Cultural/bio conservatism involves some core beliefs and values that are shared by both primal cultures and contemporary thinkers. They include the following:
1.) an understanding of time that is in tune with the cycles of the different elements in nature. When we impose individual needs on other systems of life with longer life cycles, problems can result
2.) place-based knowledge
3.) an emphasis that is not anthropocentric
4.) a dependency upon a community’s elders to carry forward accumulated knowledge
In his final chapter Bowers discusses some of the existing educational models of community and environmental renewal, such as the Foxfire Curriculum, the Common Roots Program, and the Ecoliteracy Program. While he admits that none of them are perfect, he puts them forward as models that hold promise. The Foxfire Curriculum, for example, is one that he feels – if modified – could become an educational model that would connect community with environmental restoration. The challenge for the Common Roots Program, he admits, will be adapting it to urban situations.

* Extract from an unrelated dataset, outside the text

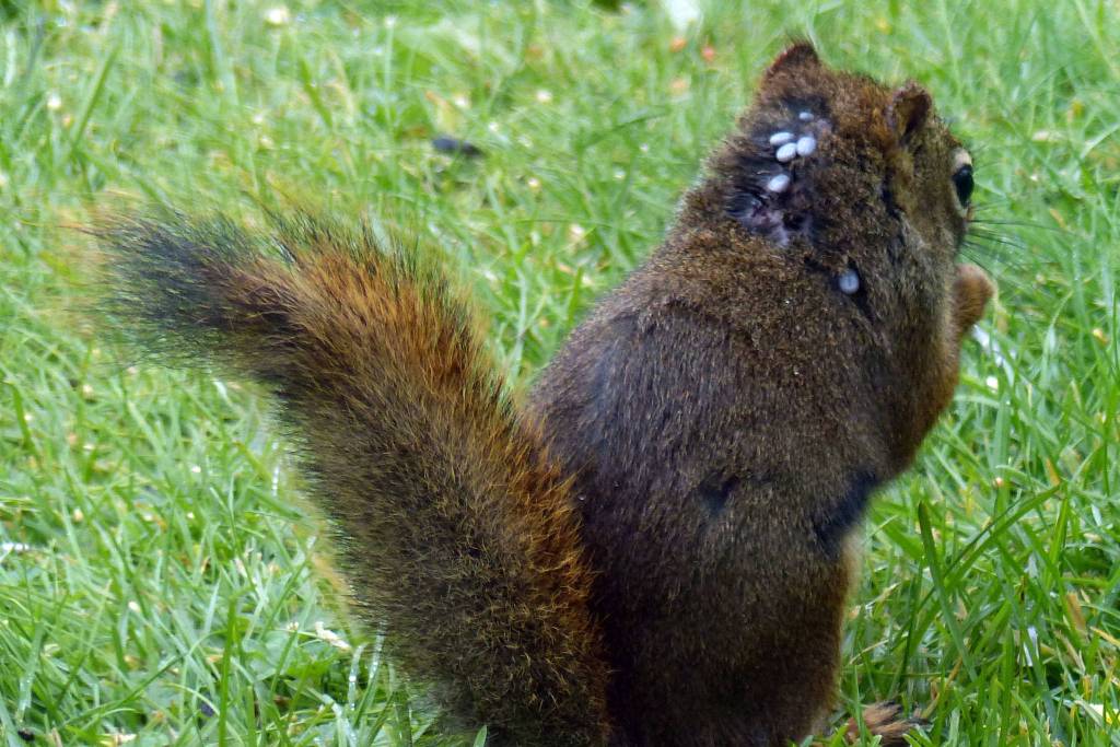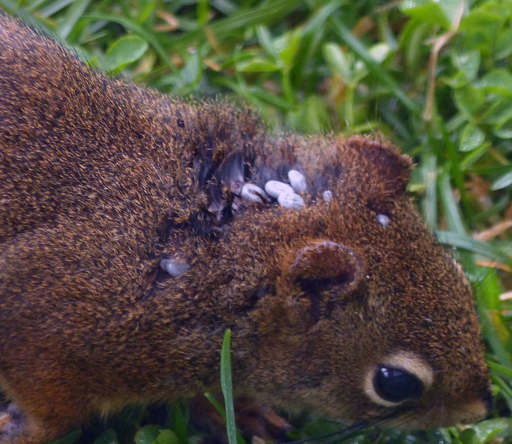 A red squirrel in Juneau has several ticks feasting on its blood. Note that the ticks are attached in places where it would be hard for the squirrel to remove them. (Courtsey Photo| Gus Van Vliet)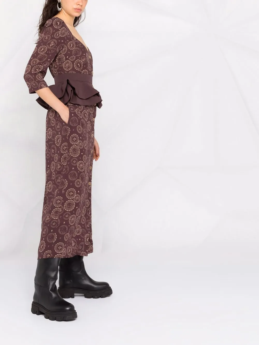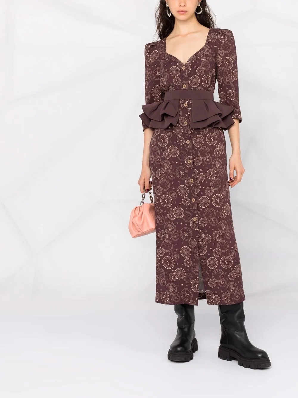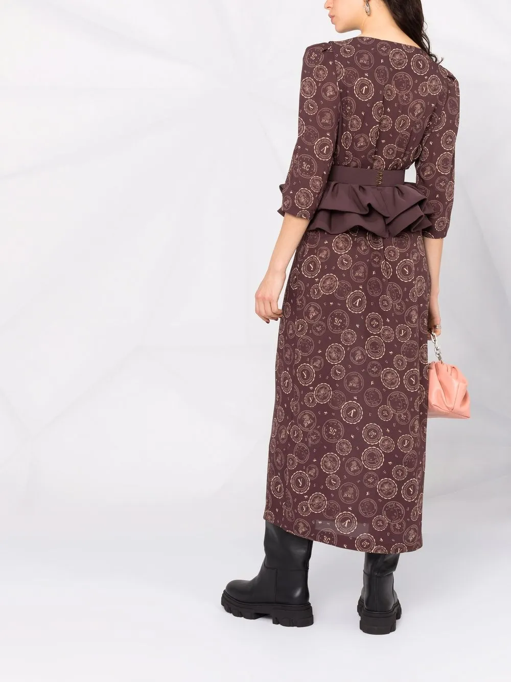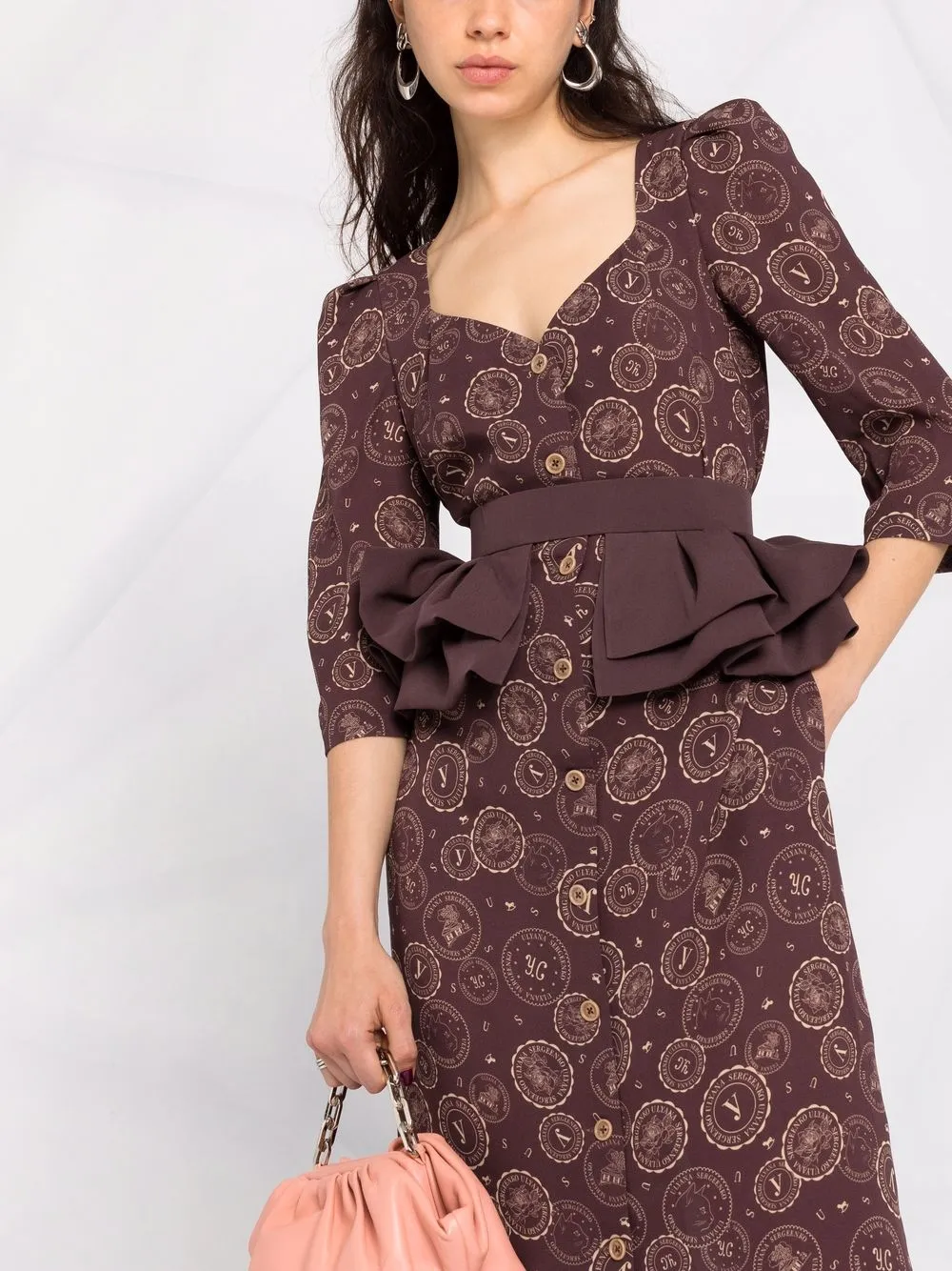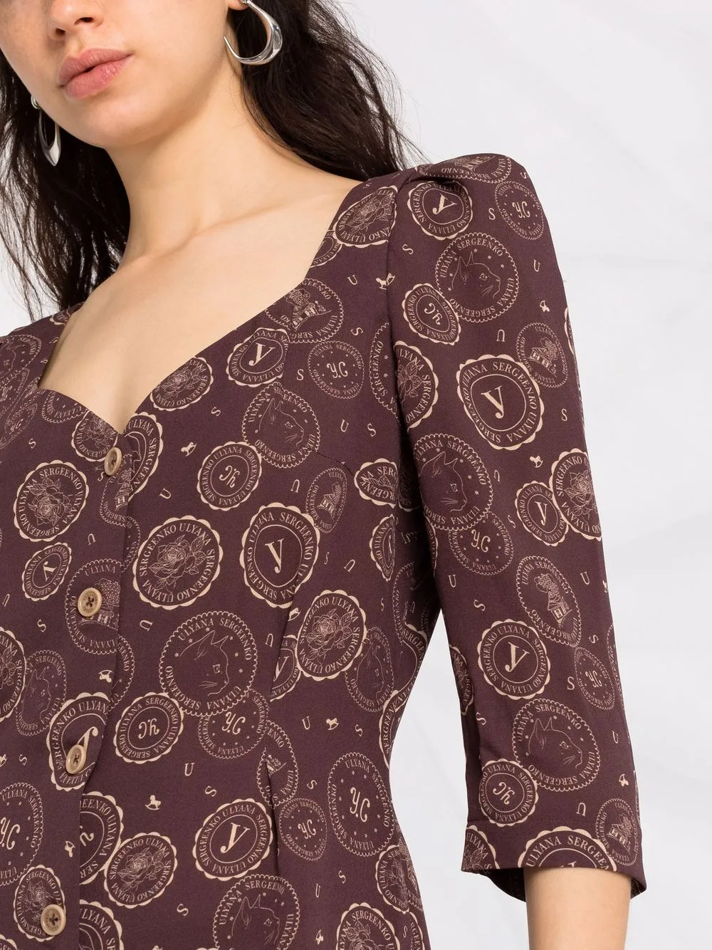 Платье с оборками и логотипом Ulyana Sergeenko, коричневый

And the Ecoliteracy Program is a fledgling program, yet is built upon some superb principles: interdependence, sustainability, ecological cycles, partnership, and diversity.
While the author seems hesitant to admit any optimism, he does relate hopefulness about the future. He is confident that, once our culture realizes the danger we are headed towards, it will begin to change its metanarratives and patterns towards a new direction. I would strongly suggest that you make the effort to read this book – even though it may take several times through to grasp it all. The concepts he puts forward fashion the basis for a discussion that should be held – that needs to be held -- by teachers, educational administrators, academia, and anyone else interested in the possibilities of changing the foundations by which we live our lives and educate future generations.